Hofstede's Power Distance Index places India at 77, compared to the UK at 35. In a high power distance culture, when a senior person signals, even indirectly, that they are gathering views about a particular leader, the people being asked are acutely sensitive to what is being sought. This does not mean they fabricate responses. It means they read the room and respond accordingly. The concerns they raise are real concerns, but the threshold for raising them, and the weight given to them, is shaped by an awareness of what the person asking seems to want to hear.
The result is that in a high-PDI context, a manager with a settled view of a leader will often find that the feedback gathered confirms it. Not because the data has been manufactured, but because the social dynamics of the gathering process have already shaped what gets said. The feedback looks like independent evidence from multiple sources. It may be, in part, a distributed reflection of one person's view.
For women in GCC or India-based roles, working within multinational organisations where the power centre sits in a different geography, this dynamic is compounded by a second layer. The people with formal authority over your career may have limited direct visibility of your work, limited understanding of the local context in which you operate, and primary access to you through the very filter you are questioning. The feedback they receive confirms what they already had limited capacity to interrogate.
How to hold what you have found
Before you reach a conclusion, sit with these questions. Not to answer them quickly, but to look at your situation honestly.
What was happening in the organisation when this process was initiated? Was there a structural change, a new hire above you, a budget decision that did not go someone's way, a moment where you became more visible or more independent?
Is this process running for anyone else at your level? Your peers, other departments, others within your own reporting line?
Are the concerns you are hearing now ones that have ever been raised with you directly? Or are you encountering them for the first time, already shaped into a pattern?

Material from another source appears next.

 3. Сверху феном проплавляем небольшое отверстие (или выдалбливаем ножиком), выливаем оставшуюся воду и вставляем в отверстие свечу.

Is the feedback you have received specific, a behaviour, a moment, a decision, or is it a characterisation? And if there is a specific incident, is it one thing standing in for a year of work?
How was the debrief handled? Was it a conversation or a presentation? Were you asked questions or given conclusions?

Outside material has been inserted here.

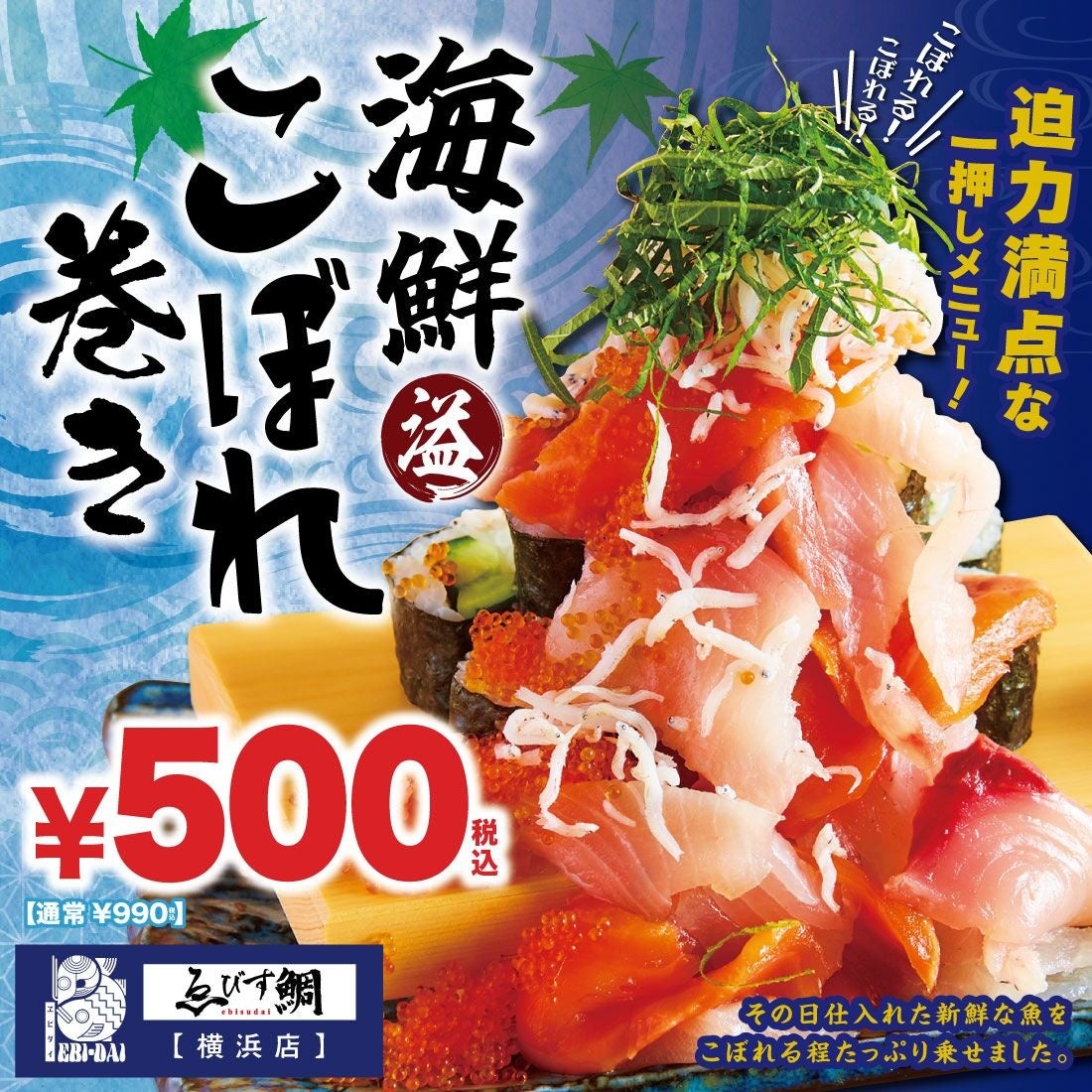 毎朝仕入れる鯛をはじめとした海鮮料理が自慢の店「ゑびす鯛 横浜店」(運営:株式会社TBI JAPAN、本社:東京都新宿区、代表取締役社長 後藤 浩之)は、8月15日の”刺身の日”を記念して、迫力満点な名物メニュー【海鮮こぼれ巻き】を通常980円のところ、ワインコインの500円で提供するキャンペーンを、2022年8月8日(月)~21日(日)の期間限定で実施いたします。

Who selected the raters, or the people who were invited to speak? Do you know?
Has anything shifted in how your team interacts with you that you cannot fully explain?
When you look at the full picture of this year, does the feedback you have received correspond to the year you actually navigated?

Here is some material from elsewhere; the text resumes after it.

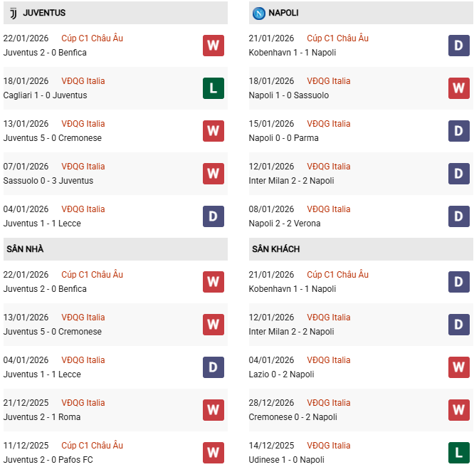 - Trên sân nhà, Juventus thắng 6, thua 2 trước Napoli.

These questions are worth sitting with, but they do not have to be worked through alone. A trusted colleague who knows the organisation and can give you a fair read, or a coach who can hold the mirror steadily, can be invaluable here. The goal is not to reach a conclusion quickly. It is to see clearly.
That conclusion, when you reach it, will most likely land as anger and fear. Anger at the process, at the people involved, at the system that is using the language of development to do something else entirely. Fear about what this means for the role, for the career, for everything that sits downstream of this job. Both are entirely reasonable responses to what is a genuinely threatening situation.
And alongside them, if you look for it, there may also be something else. A veil lifting. Not because the situation has improved. It has not. But because the fog clears. You can see what you are actually navigating. That clarity, however uncomfortable, is the beginning of being able to act with intention rather than react from confusion.
The instinct, once you can see clearly, will be to do something immediately. To confront the people involved. To challenge the process. To make your case right now. That instinct is understandable. It is also worth pausing before you follow it.
Sit with what you have found. Use the RAIN practice to breathe through the intensity of what you are feeling before you decide anything. Process the situation with a trusted person who can give you a fair read, or with your coach. What you do next matters, and it deserves to be decided from a place of clarity rather than the heat of the moment.
The companion guide covers what comes next. If you are navigating a situation like this and would like to work through it, Shirisha works with senior professionals on exactly this territory.
Frequently asked questions
The questions most people bring after reading this guide, and the answers that follow from the framework above.
How do I know if my 360 feedback is genuine or politically motivated?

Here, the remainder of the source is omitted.